Friday, January 16, 2009

what happened to their luggage...

Like the rest of you, I'm all over this airplane landing in the Hudson. I'm loving the dramatic tales of escape from the survivors (aka: everyone) and my absolute favorite is the guy who yelled, "Women and children first!"
Nice work, Jesus.
As a woman, thanks. As a sister and daughter, fuck that shit. If I were on that plane, and don't think I haven't imagined that over and over with glee, I'd shove my brother and father out that emergency exit before some whiny kid or slow-ass old.
I was reminded of my family boarding our flight from Dublin to London last week, where after it was casually announced that passengers with small children could board first, the crowd just started moving for the plane. Not to be outdone, we are Americans after all, my family followed suit. This was British Midland Airways and those fuckers assign the same seat to like, 34 people. Of course, the whole cluster fuck of a line comes to a halt and 150 of us just stood there as an old man with two girls (10 years old if they were a day) starts yelling at my mom and me.
"They're still boarding children!"
He repeated this 4 or 5 times and here's why I love my mom, who raised me with appallingly strict adherence to manners. She just stared right past him, shifting her carry on and rolling her eyes. I was shocked and thrilled.
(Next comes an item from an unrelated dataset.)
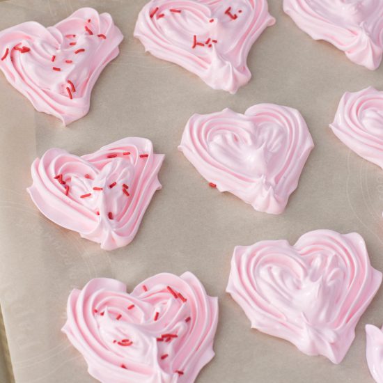 Valentine’s Day is full of recipes that sit heavy on the stomach; plates of pasta, seafood and of course, decadent desserts. Switching things up from the usual cheesecake, fudge and parfaits for light and airy meringue heart cookies can be a delightful change.

The woman refused to budge, following the general rule of travel: every man for himself.
We finally started to move forward and once out of earshot of the yeller with the tweens, mom and I started making fun of him. We decided our main problem was his passive aggressive way of saying he wanted to cut in line because he had "children." Please. When I was that age, I was responsible for my own luggage, carry on, passport and finances. "Mom, you should totally go up to him and say, 'You're probably still mad about what happened a few minutes ago, but we really feel you went about it in the wrong way. Had you asked directly and politely, we would have let you through.'"
But we didn't. We just pushed our way past anyone blocking us from sitting as soon as humanely possible. This is how people travel now. Screw that women and children nonsense. If you can't move fast enough to board when they call your group or hustle as the plane fills with water, tough.
I don't know about you peg leg, but I can run...

4 comments:

Karyn said...

OMG! it's so wrong - but I'm laughing anyway!

Anonymous said...

Your birthday Evite is AWESOME! It's like a who's who of the Bay Area. Can't wait! Very cool. Happy Birthday!

Spots said...

Fabulous! I'm so glad you're coming. Maybe I'll get contact drunk!
And as it's Mel and my anniversary, we're planning some type of skit or grand entrance, so you know, be on time...

Sweet Melissa said...

The more I know about Joanne, the more I love her.